**Your instructions**
Although pictures appear in the entries below, leave them out and print exactly the lines from the first line through the line containing "Корпус металлический щрун".

**Data in this exercise**
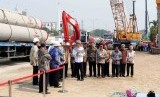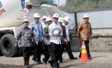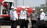 Presiden Joko Widodo beserta rombongan meninjau proyek pembangunan LRT, saat peletakan batu pertama (groundbreaking) tahap I di Jakarta, Rabu (9/9). (Republika/Agung Supriyanto)
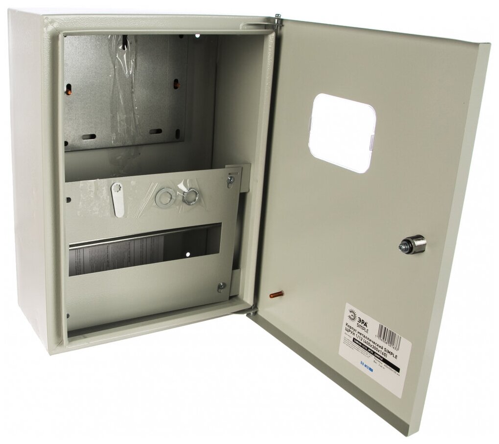 Корпус металлический щрун 1/12 400х300х155 IP31 NO_SIMPLE_STM_SHRUN-1/12_IP31 ЭРА Б0041679Щит учетно-распределительный ЭРА SIMPLE ЩУРн-1/12 IP31 (400х300х155) предназначен для установки приборов учета и распределения электрической энергии, модульных устройств, а также защиты сетей напряжением до 400 В от токов перегрузки и короткого замыкания. Обеспечивает защиту потребителей от поражения электрическим током. Успешно применяется для электромонтажа в жилых, административных, торговых, спортивных и производственных сооружениях. Щит изготовлен из качественной российской стали, имеет жесткий сварной корпус и высококачественное эпоксидно-полиэфирное порошковое наружное покрытие. Установка счетчиков электрической энергии производится на металлическую монтажную панель. Для визуализации показаний счетчика в дверке предусмотрено смотровое окно. Щит изготовлен из высококачественной стали 08 пс ГОСТ 1050-88 методом сварки. Высококачественное порошковое покрытие, цвет RAL 7035. Высокая технологичность и простота монтажа. Возможность установки разных типов электрических счетчиков. Возможность опломбировки. Единый секрет замка. В комплектацию поставки входит замок с двумя ключами. Полная комплектация изделия указана в паспорте. Гарантия от сквозной коррозии 15 лет. Гарантийный срок эксплуатации 1 год.
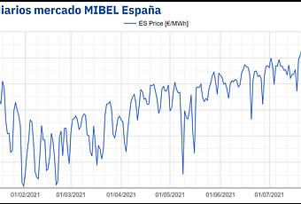Los precios de los derechos de emisión de CO2 marcaron su récord histórico el 5 de julio, con un valor de 57,77 €/t y el precio de cierre de la sesión del 10 de agosto fue 57,34 €/t, muy cercano a dicho récord. El gas TTF marcó su récord histórico en el mercado spot a inicios de 2018, pero igualmente el precio del 11 de agosto, de 44,40 €/MWh es el más alto de los últimos tres años. Este valor está muy cercano a los 44,66 €/MWh con los que cerró el mercado de futuros de gas TTF para el M+1 en el mercado ICE en la sesión del 10 de agosto, que es el máximo histórico desde octubre de 2013. Por su parte, los precios del mercado MIBGAS tuvieron un máximo en enero de 2021, y tras una aparente recuperación en febrero, iniciaron también una tendencia al alza que ha llegado a la sesión del 10 de agosto con un precio de 43,58 €/MWh, valor muy similar al del gas TTF.
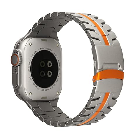 Titan-Armband, kompatibel mit Apple Watch Ultra 2/1, 49 mm, 46 mm, 45 mm, 44 mm, 42 mm, iWatch Ultra Serie 10/9/8/7/SE/6/5/4/3, solides Herren-Ersatzarmband aus robustem Metall (Titan und Orange)
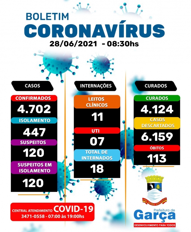 A Prefeitura de Garça (distante 35 quilômetros de Marília) divulgou 61 novos testes positivos de coronavírus nesta segunda-feira (28).
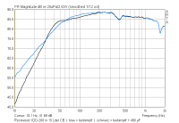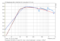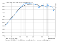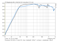 Und jetzt die Wirkung des 480 µF Kondis im stark bedämpften Gehäuse. Prizipiell ist der Effekt derselbe, nur nicht so stark ausgeprägt:
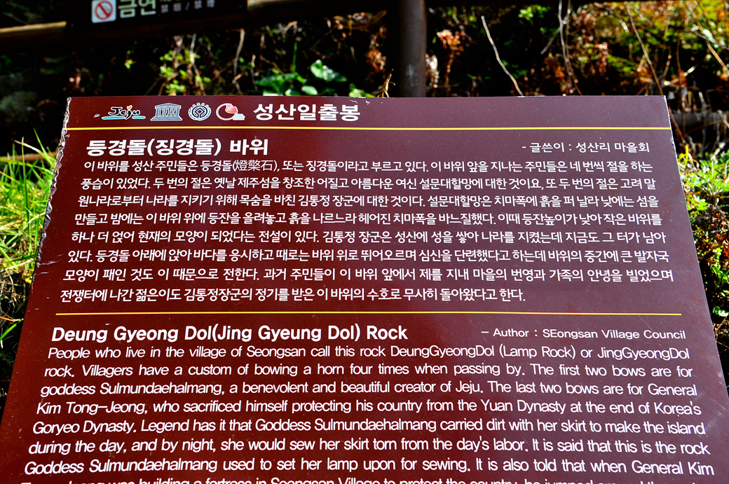성산 일출봉 안내표지판이다.
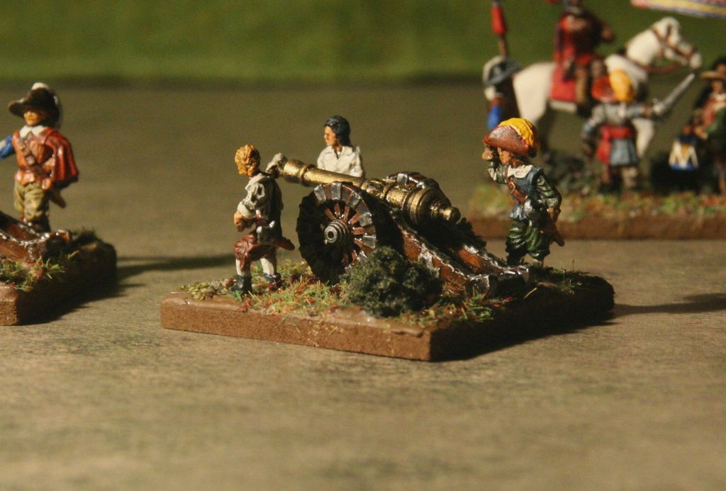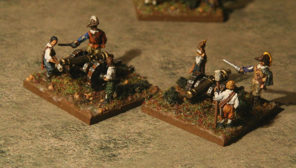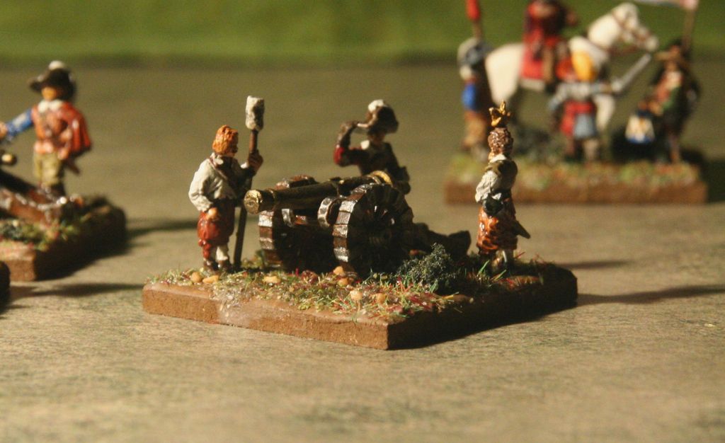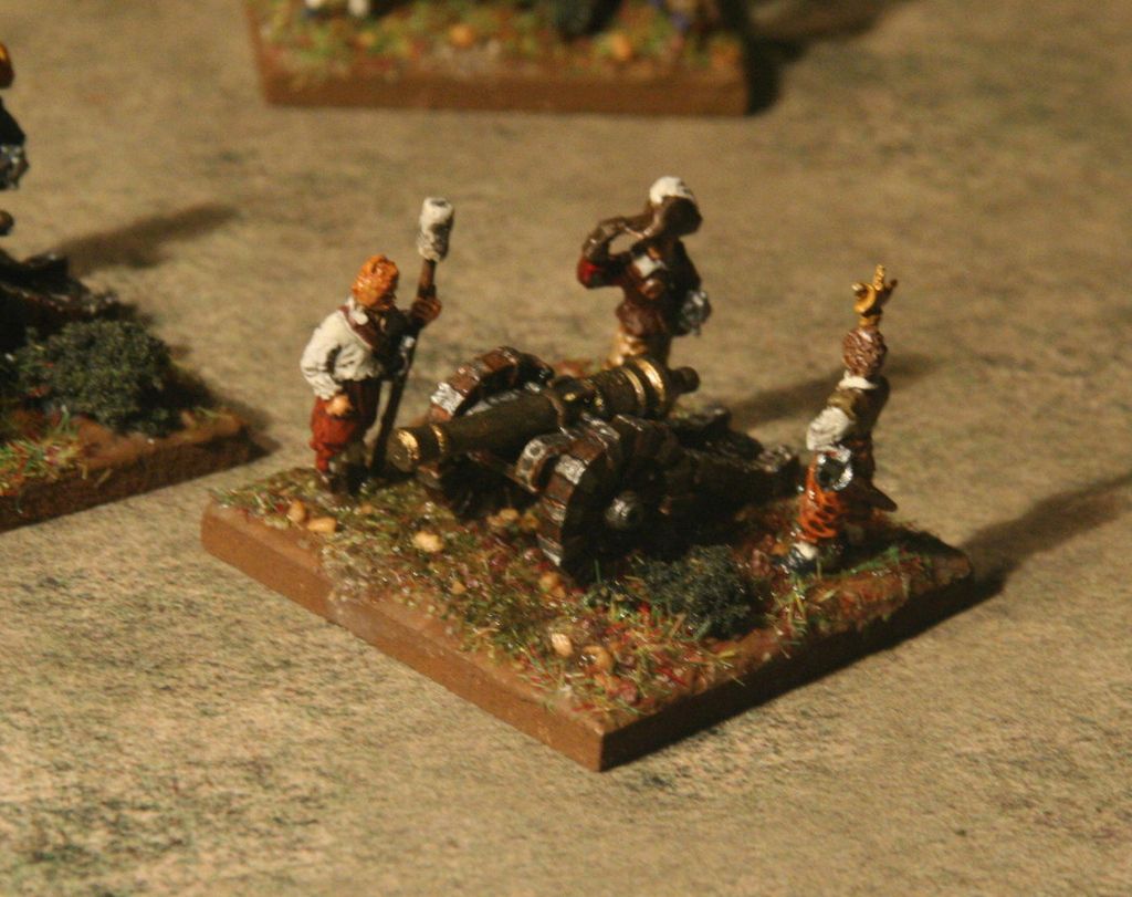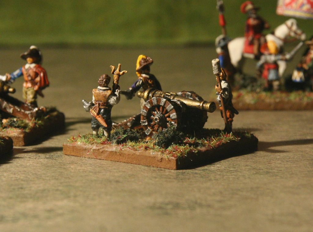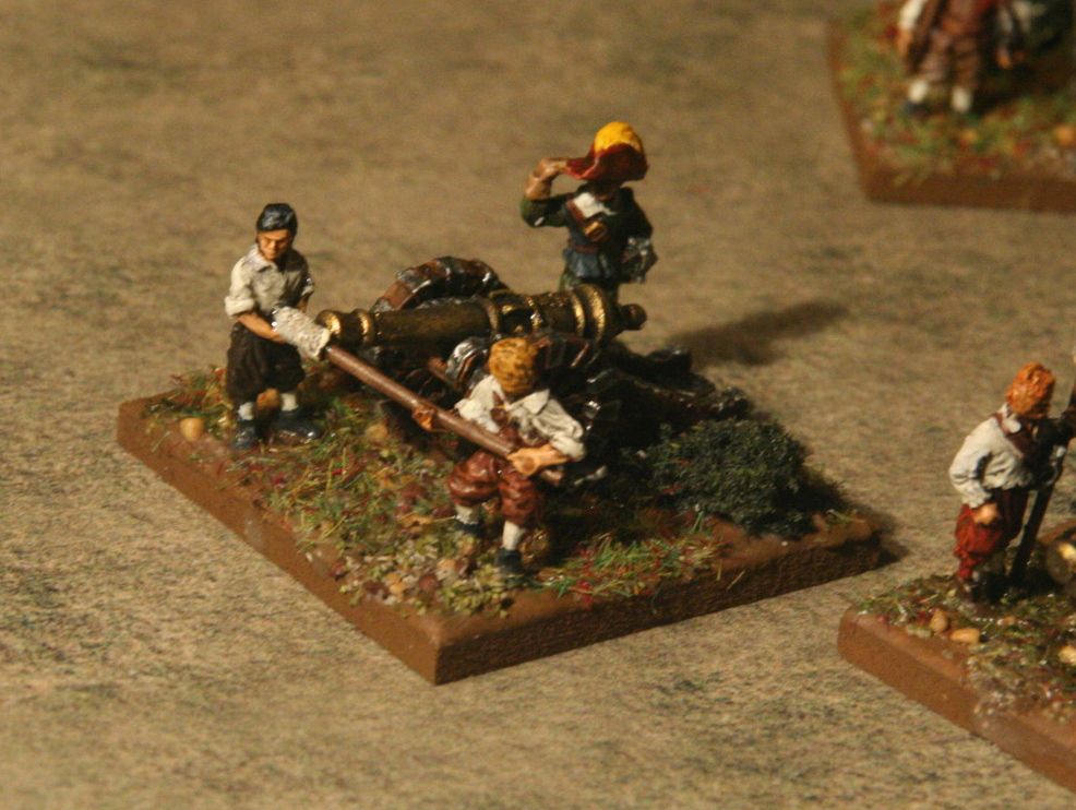 En FoG-R, el Late Imperial Spanish lleva entre 2 y 4 piezas de artillería medias y dos pesadas. Estos últimos días me he pintado los 4 cañones medios y los artilleros de los pesados a la espera que Totentanz saque la artillería pesada. Os dejo aquí los resultados. La bolsa de artilleros tiene 6 poses y como dos son con baqueta la manera lógica de colocarlos es de 3 en 3. Para la pesada he pintado 4 artilleros, así podré distinguirla mejor

**Result for this task**
 Presiden Joko Widodo beserta rombongan meninjau proyek pembangunan LRT, saat peletakan batu pertama (groundbreaking) tahap I di Jakarta, Rabu (9/9). (Republika/Agung Supriyanto)
 Корпус металлический щрун 1/12 400х300х155 IP31 NO_SIMPLE_STM_SHRUN-1/12_IP31 ЭРА Б0041679Щит учетно-распределительный ЭРА SIMPLE ЩУРн-1/12 IP31 (400х300х155) предназначен для установки приборов учета и распределения электрической энергии, модульных устройств, а также защиты сетей напряжением до 400 В от токов перегрузки и короткого замыкания. Обеспечивает защиту потребителей от поражения электрическим током. Успешно применяется для электромонтажа в жилых, административных, торговых, спортивных и производственных сооружениях. Щит изготовлен из качественной российской стали, имеет жесткий сварной корпус и высококачественное эпоксидно-полиэфирное порошковое наружное покрытие. Установка счетчиков электрической энергии производится на металлическую монтажную панель. Для визуализации показаний счетчика в дверке предусмотрено смотровое окно. Щит изготовлен из высококачественной стали 08 пс ГОСТ 1050-88 методом сварки. Высококачественное порошковое покрытие, цвет RAL 7035. Высокая технологичность и простота монтажа. Возможность установки разных типов электрических счетчиков. Возможность опломбировки. Единый секрет замка. В комплектацию поставки входит замок с двумя ключами. Полная комплектация изделия указана в паспорте. Гарантия от сквозной коррозии 15 лет. Гарантийный срок эксплуатации 1 год.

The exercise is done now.